WORK INSTRUCTION:
Without copying any pictures, restate exactly the lines from the start of the records through the line containing "Figure 3. A".

=== Begin Enclosure ===

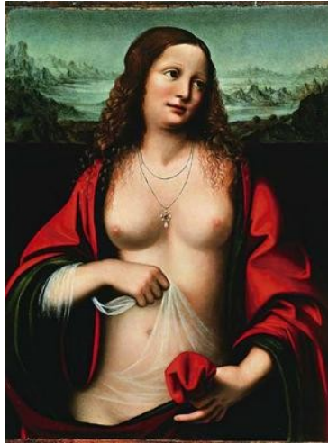
Mary Magdalene by Leonardo da Vinci

Mary Magdalene or Mary of Magdala has had a bad rap simply because She was a woman of Liberation! Mary Magdalene was not like other Women of Liberation which we associate today as Feminists. A Feminist in the truest sense is a woman or man that stands up for Women's Rights. Today when someone hears of a Feminist that automatically think that you have to be a female and that you are against all men in the belief that they are all pigs. This is not a true Feminist; this is a cult leading of Women's Liberation into Self Denial! Women's Liberation is really about Women's Liberation and there is no room for a man in the Liberation of a Woman because only a woman can liberate themselves as can only a man liberates themselves. Mary Magdalene is venerated not only as a Saint within the Esoteric Gnostic Catholic Church but also as a Divine Master!
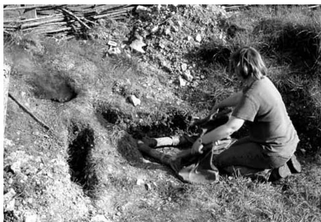
Figure 3. A bank smelter in operation blown with a double bag bellows.

experiments with non-ferrous metals carried out at the 1994 HMS meeting at Flag Fen (Timberlake 1994) and the iron-smelting work carried out by Peter Crew (Crew 1991 and in the previous Newsletter). The particular problem we chose to address was the absence of smelting evidence from Bronze Age Britain. We have the mines and the metalwork but as yet few traces of smelting activity have been recognised. One explanation could be that the smelting processes produced little or no durable waste. Thus we designed a number of smelting 'units' to see if metal could be produced in the most simple and ephemeral kind of hearths, and, if similar operations had taken place in prehistory, what sort of evidence the archaeologists should be looking for. It was hoped that this sort of carefully monitored experimentation would raise a host of new questions
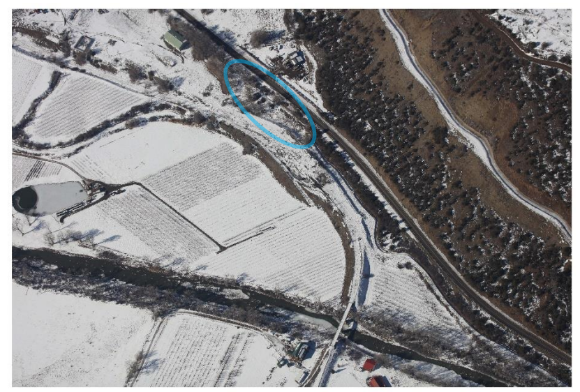
Loadout (pond is circled)

=== End Enclosure ===

ANSWER AREA:
Mary Magdalene by Leonardo da Vinci

Mary Magdalene or Mary of Magdala has had a bad rap simply because She was a woman of Liberation! Mary Magdalene was not like other Women of Liberation which we associate today as Feminists. A Feminist in the truest sense is a woman or man that stands up for Women's Rights. Today when someone hears of a Feminist that automatically think that you have to be a female and that you are against all men in the belief that they are all pigs. This is not a true Feminist; this is a cult leading of Women's Liberation into Self Denial! Women's Liberation is really about Women's Liberation and there is no room for a man in the Liberation of a Woman because only a woman can liberate themselves as can only a man liberates themselves. Mary Magdalene is venerated not only as a Saint within the Esoteric Gnostic Catholic Church but also as a Divine Master!
Figure 3. A bank smelter in operation blown with a double bag bellows.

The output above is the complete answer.